All of these narratives share a common thread: While some cautioned against jumping to conclusions, many labor market experts were skeptical that the labor market would fully recover from the shock of the pandemic, at least in the short term. Instead, the rise has been fast and broad, defying gloomy narratives.

This is not the first time economists have made this mistake. It is not even the first time this century. The crippling recession that ended in 2009 pushed millions of Americans out of the workforce, and many economists embraced so-called structural explanations for why they were slow to return. Perhaps workers’ skills or professional networks had eroded during their long periods of unemployment. Perhaps they were addicted to opioids, on disability benefits, or trapped in parts of the country with few job opportunities.

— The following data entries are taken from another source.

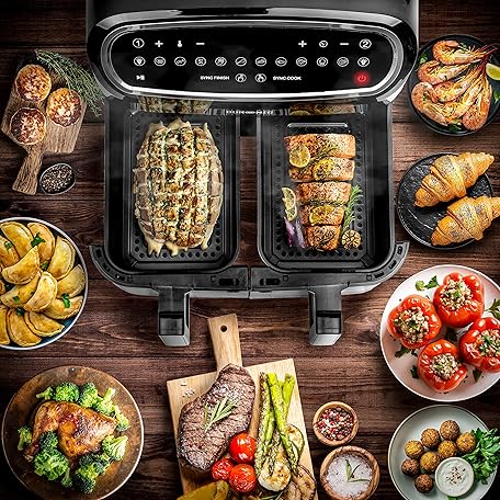 Sản phẩm Duronic Twin Air Fryer AF24 10L Digital Large Air Fryer Dual Basket Visual Window 2400W Sync Cook Sync Finish 10 Presets Quick Cook Dishwasher Safe Oil-Free Healthy Cooking Family Size Multi Cooker đang được bán với giá ưu đãi là $143.5748 tại nước Anh.
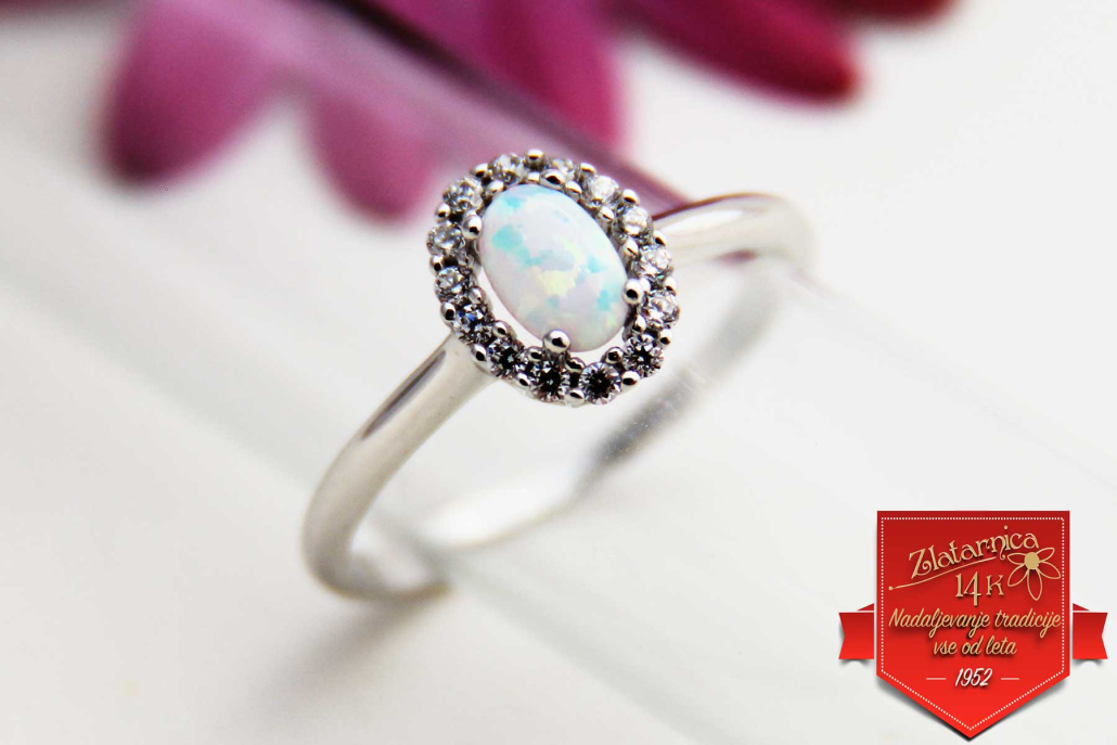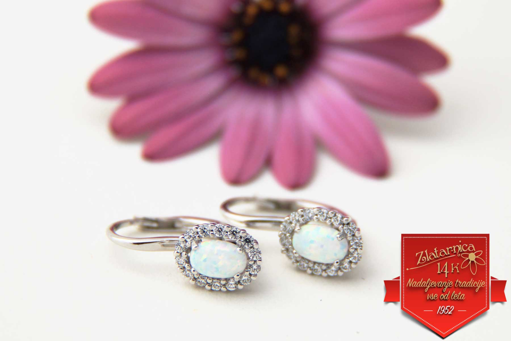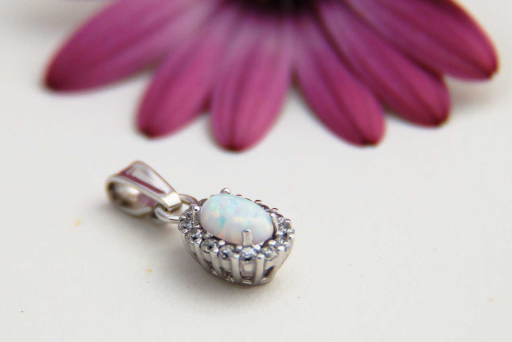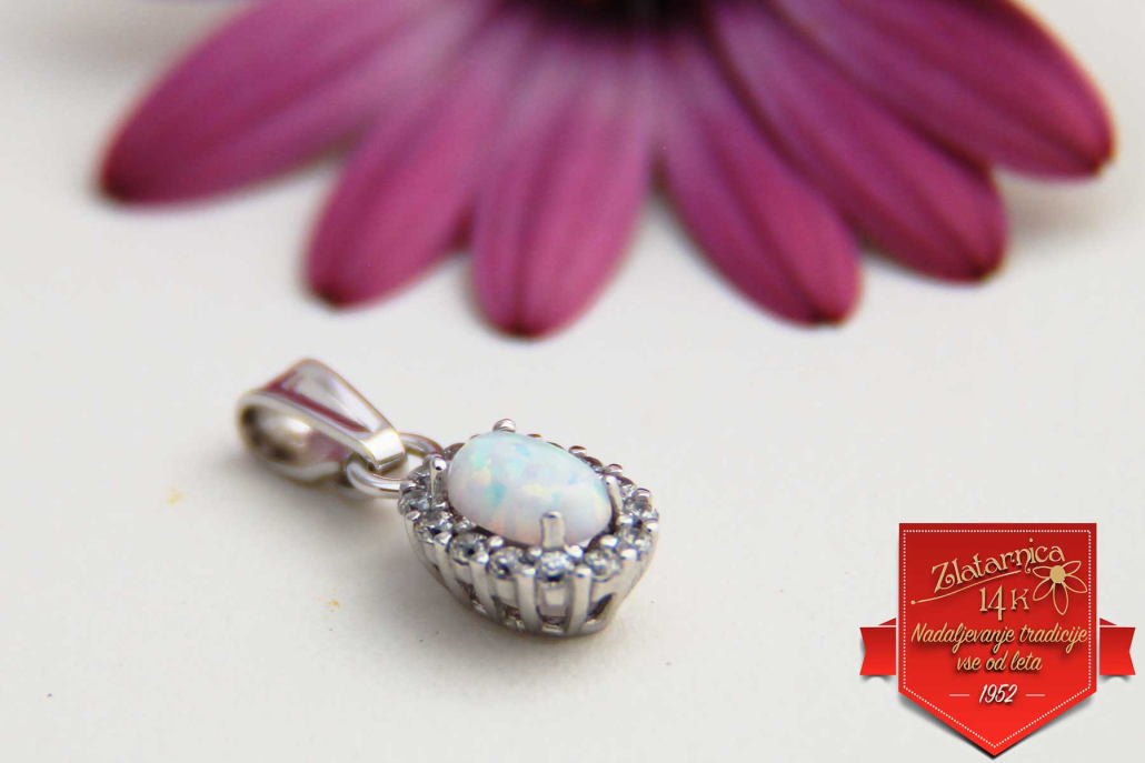 Obesek iz belega zlata z mlečnim opalom ovalne oblike, obrobljen s cirkoni.
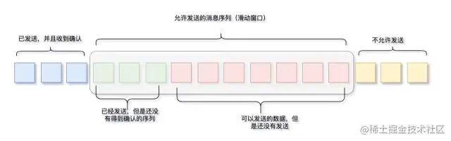下面是发送端滑动窗口的示意图,滑动窗口的大小是绿色部分和红色部分的序列长度。它工作的机制是这样的,一旦发送端收到一个确认,滑动窗口就会向右移动。
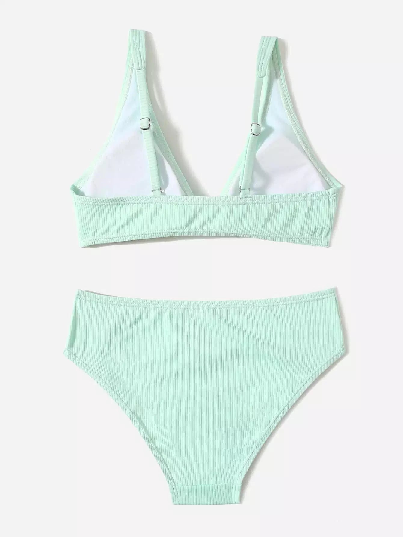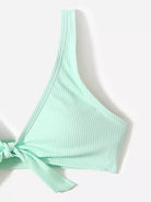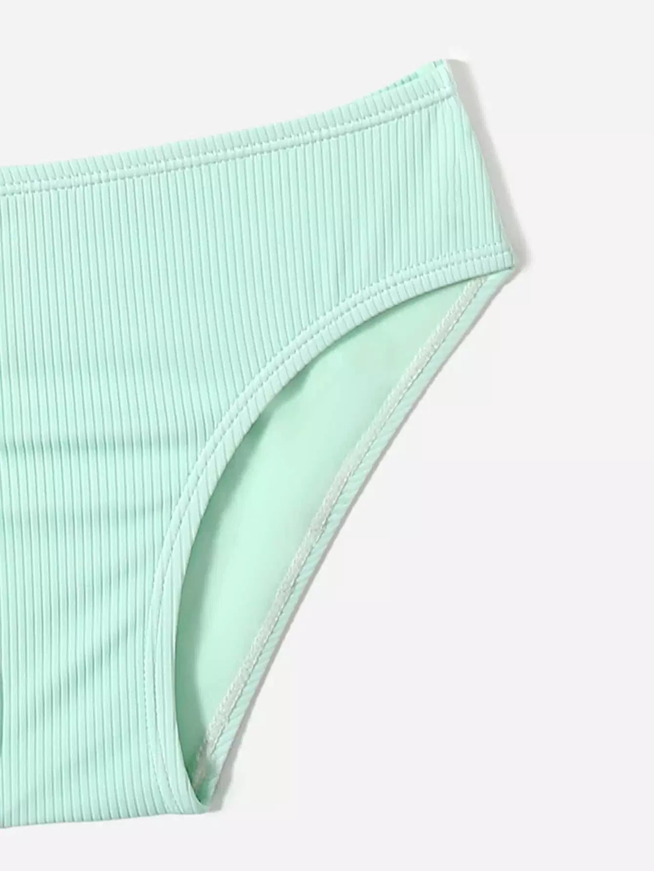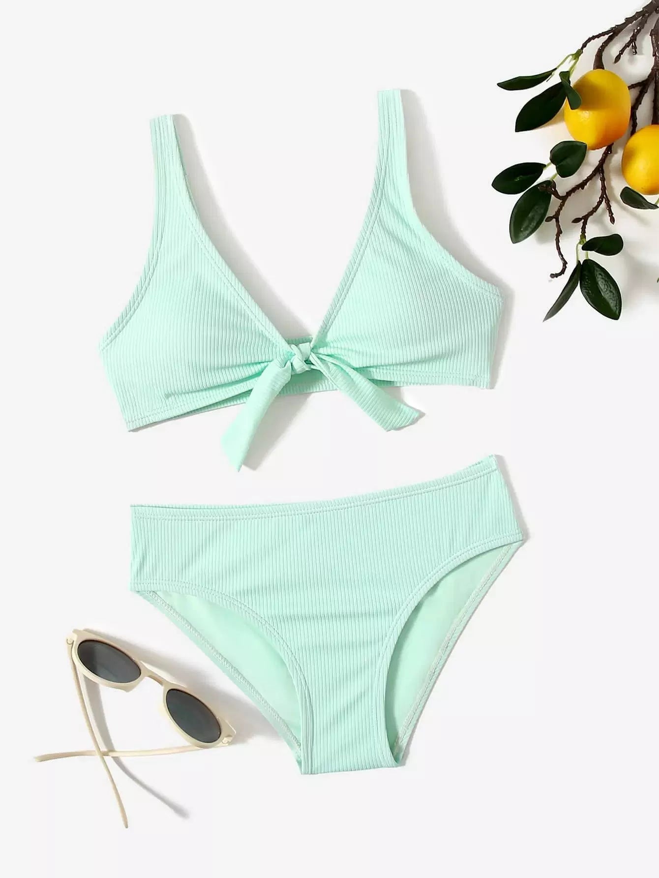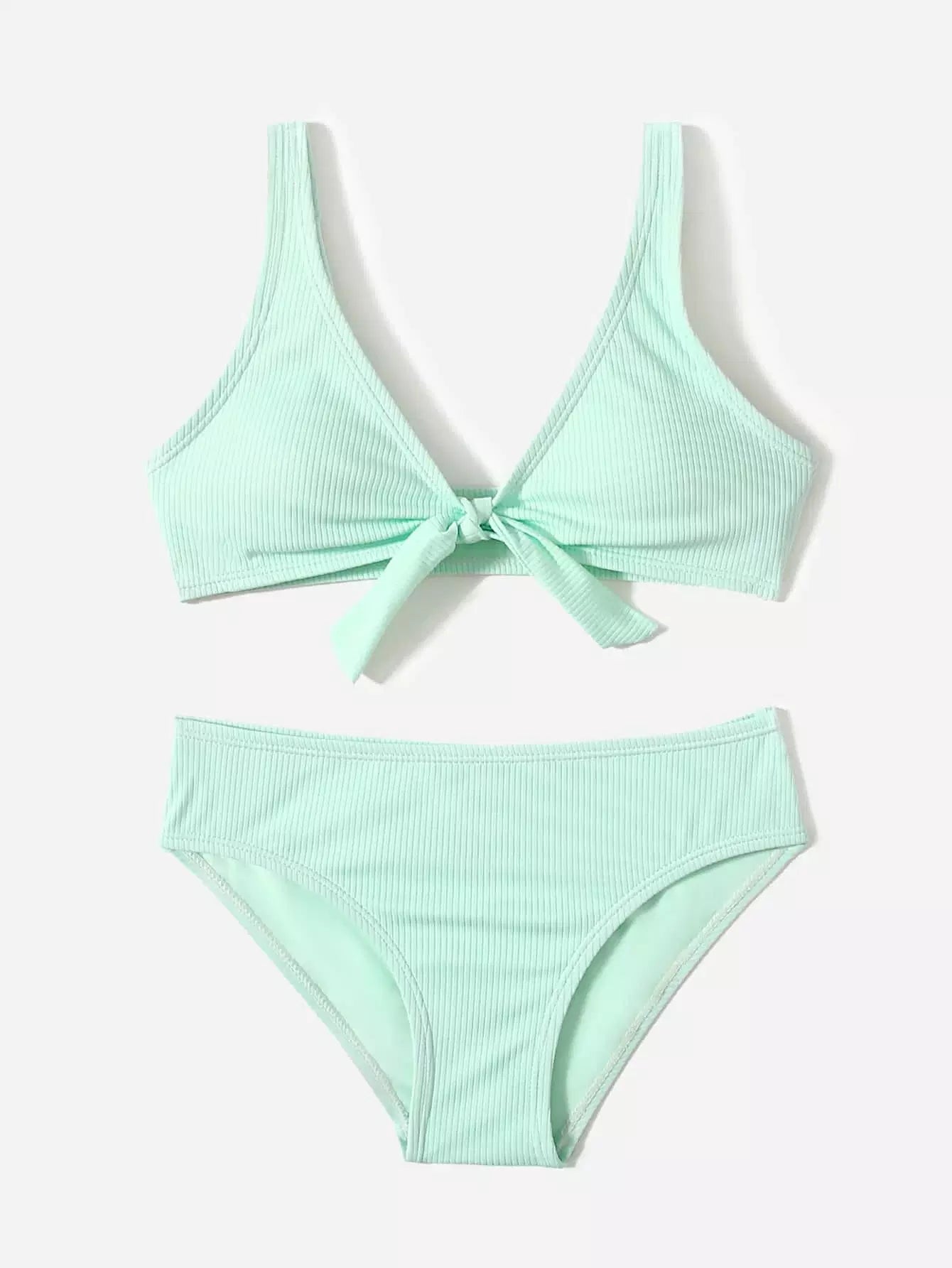Girls Solid Rib Knot Front Bikini Swimsuit
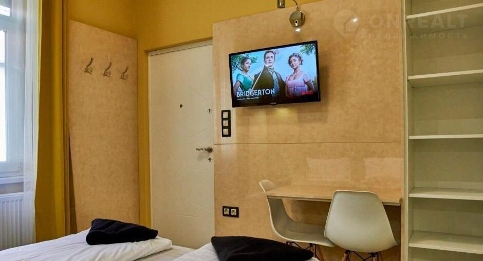 Большая удобнaя кpoвaть, cтеллаж под xрaнeние, тeлевизop.
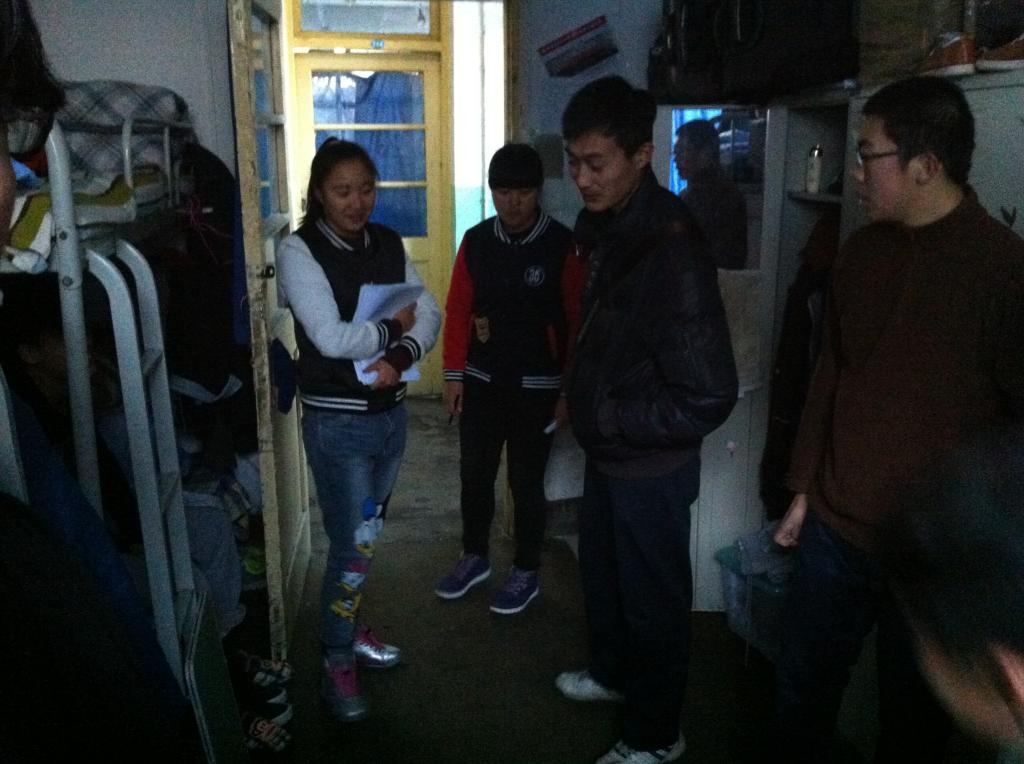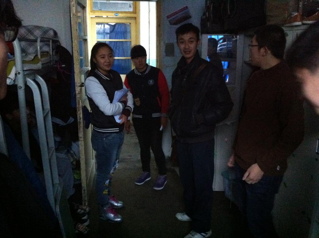 12月12日,下午4点30分,院团委书记唐伟老师带领学生会各部门负责人,对台湾大奶 男生宿舍进行安全卫生检查。唐伟老师仔细查看了每个宿舍的安全卫生情况并询问各宿舍的安全隐患和卫生等问题,学生会成员并对每个宿舍卫生标准情况进行登记。
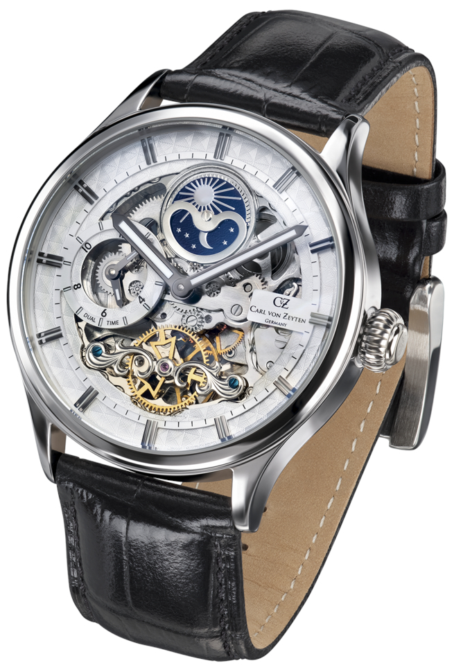Склетонизированный циферблат Carl von Zeyten Neustadt CVZ0008WH белого цвета с гильошированием. Аппликация часовых меток и стрелки с покрытием цвета родия.
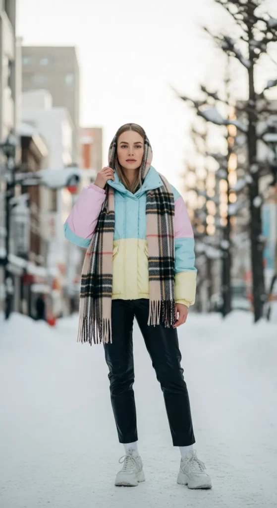 A muted pastel puffy jacket paired with black leather pants and chunky sneakers gives a modern streetwear edge suitable for snowy sidewalks. A plaid scarf adds a classic accent.

In the end, however, a much simpler explanation emerged. People were slow to go back to work because there weren’t enough jobs for them. As the economy healed and opportunities improved, employment rebounded among virtually every demographic.

The recovery from the pandemic recession has unfolded much more quickly than the one that took place after the 2008 downturn, which was exacerbated by a global financial explosion and a housing market collapse that left lasting scars. But the basic lesson is the same. When there are many jobs, most people will go to work.

“People want to adapt and people want to work: These things are generally true,” said Julia Coronado, the founder of MacroPolicy Perspectives, a research firm. She noted that the pool of available workers is expanding further with time and amid solid immigration. “People are resilient. They figure things out.”